Internazionale

La voce del cappellano del carcere di Como: «In carcere ognuno ha la possibilità di rialzarsi»

Ogni anno, in occasione della Via Crucis del Venerdì Santo, Papa Francesco dà voce a quelli che lui stesso chiama gli «scartati» della società. Quest’anno la voce è quella dei detenuti che hanno scritto delle meditazioni profonde che chiamano ognuno di noi a riflettere sul valore di pena, di giustizia, di perdono (a questo link il testo delle meditazioni). Una voce, quella dei carcerati, che vogliamo ascoltare anche noi attraverso le parole di Padre Michele Rocco, francescano, cappellano del carcere del Bassone (Como) che attualmente vede detenute circa 450 persone.

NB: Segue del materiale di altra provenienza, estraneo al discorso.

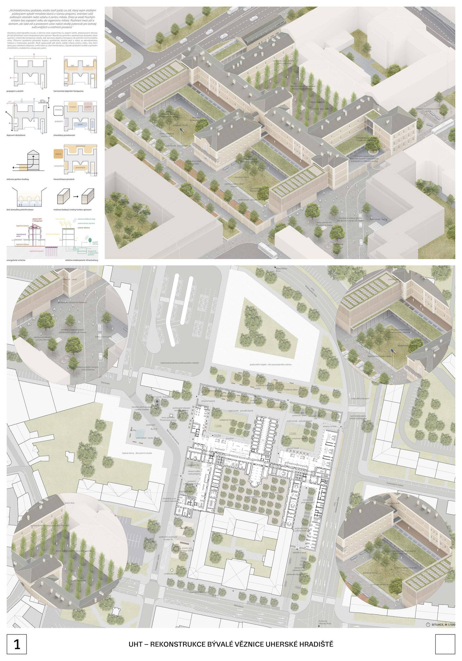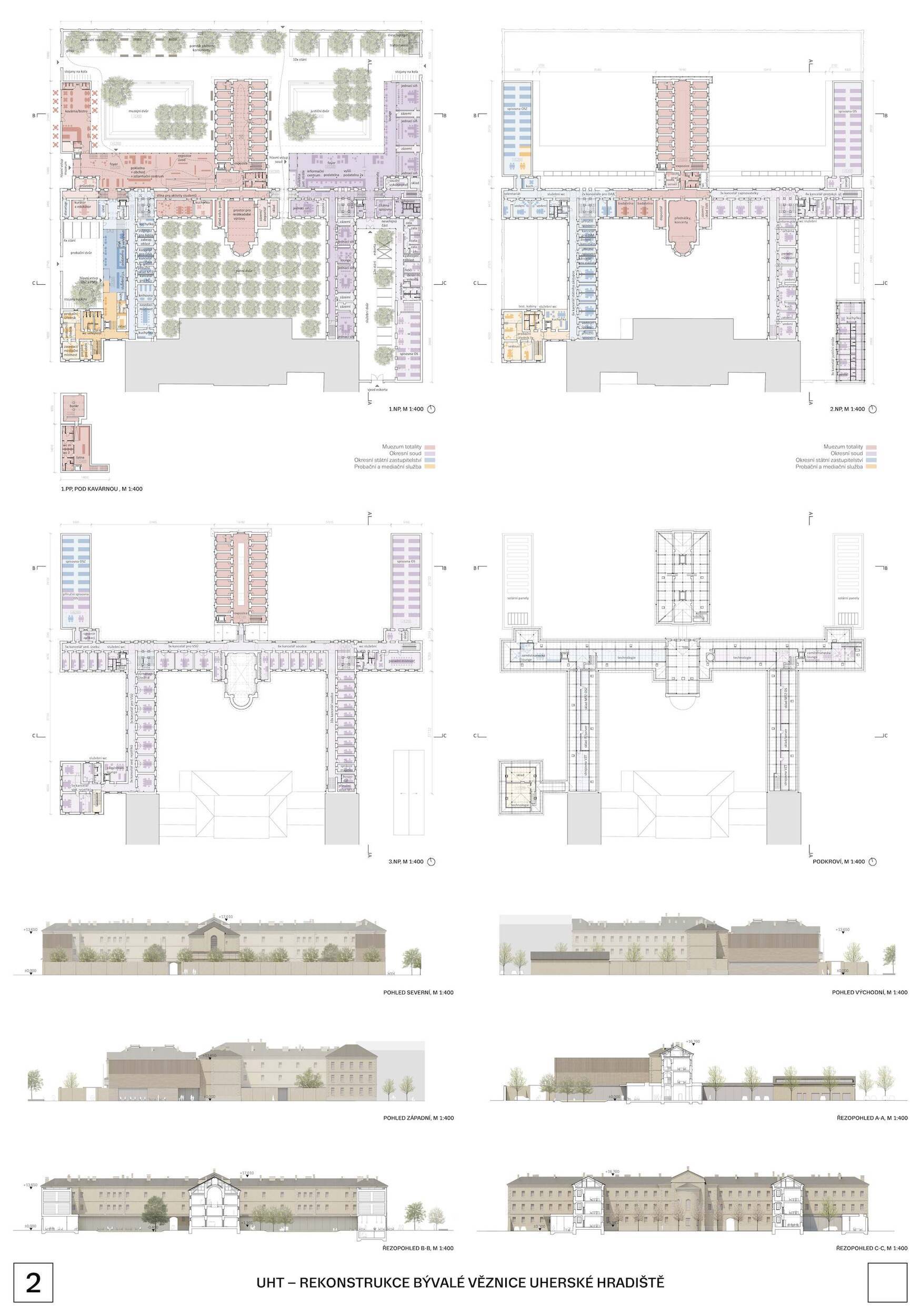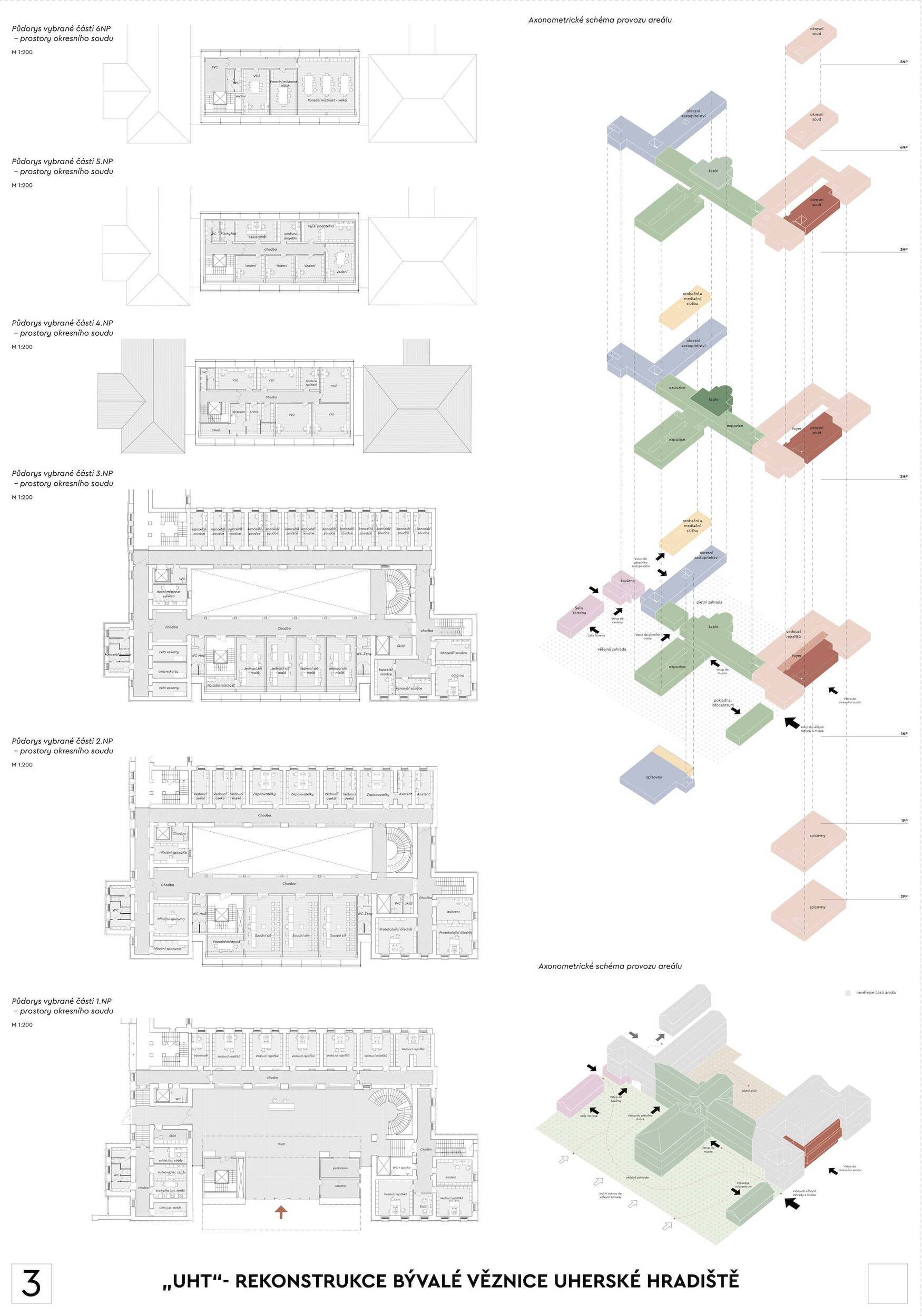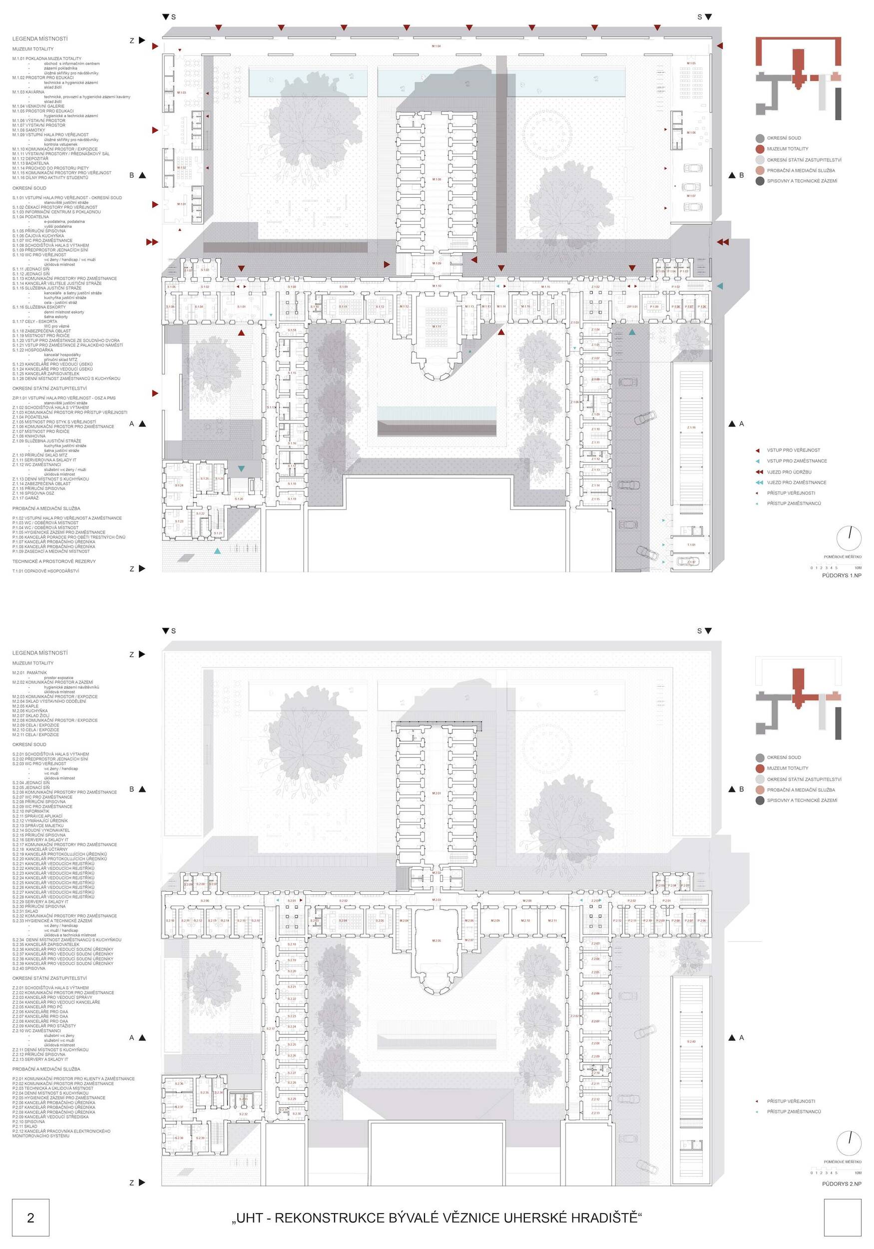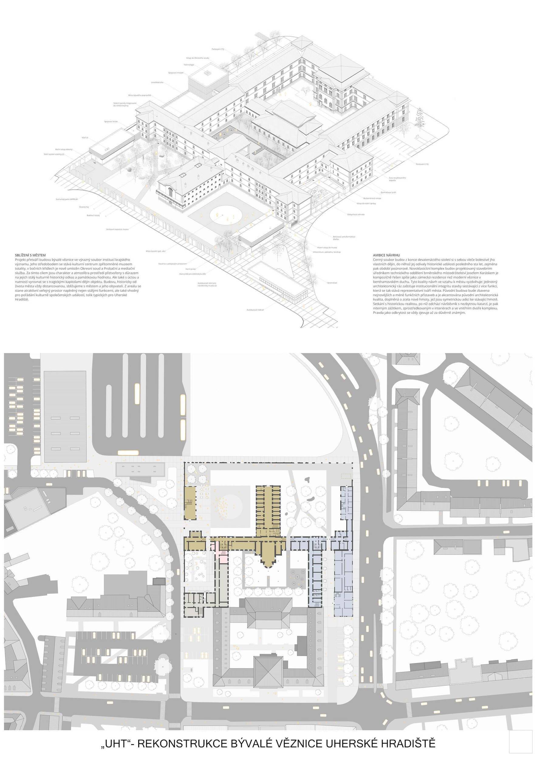 Originální koncept pojetí perimetru ohradní stěny přinášející nové funkce městu a dávající silnější potenciál využití dvora. Idea prostupující muzeální osy považuje porota za jednu z nejsilnějších stránek tohoto návrhu. Citlivými dostavbami autoři nechávají vyniknout památkově chráněný monumentální objekt a jemnými gesty ho zlidšťují. Porota považuje za nedostatečné řešené vstupní prostory veřejných částí i některé provozní vazby v objektu. Návrh přináší autorské řešení venkovních částí expozic, které by vhodně sloužily pro účely muzea. Historickou budovu nechává vyznít a chová se k ní citlivě, i když by formou přidávání veřejných funkcí mohl dosáhnout důstojnějších vstupních ploch. Návrh patří k ekonomicky přiměřeným návrhům. Kapacitně podhodnocené dispoziční a provozní řešení instituce soudnictví. Koncept jednacích síní umístěných nad sebou a s nedostatečným předsálím a problematickou bezbariérovou dostupností se zdál být nejslabším místem návrhu. Také společná spisovna pro soud i státní zastupitelství je od soudní budovy provozně oddělena, což bylo budoucím uživatelem vyhodnoceno jako problematické řešení. Veřejně přístupné prostory interiéru, svou snahou vměstnat se do stávajících rozměrů objektu, neodpovídají současným standardům a řada jednacích místností neodpovídá svou velikostí zadání stavebního programu. Není prezentována podoba dostavby spisovny do ul. Velehradské.

Padre Michele, qual è il ruolo del cappellano all’interno del carcere?

Quella del cappellano è una figura istituzionale, prevista nell’ordinamento del carcere: si potrebbe identificare come il parroco di una parrocchia ben delimitata dalle mura che al suo interno non ha solo i detenuti ma anche la polizia penitenziaria e tutti coloro che nell’istituto vi lavorano. Collaborando con polizia penitenziaria e in particolare con l’area educativa, il cappellano opera affinché la persona detenuta possa vivere la sua esperienza di detenzione nella maniera più costruttiva possibile. Ovviamente affianca, assiste e dialoga con tutti gli uomini e le donne presenti in istituto, al di là del loro credo.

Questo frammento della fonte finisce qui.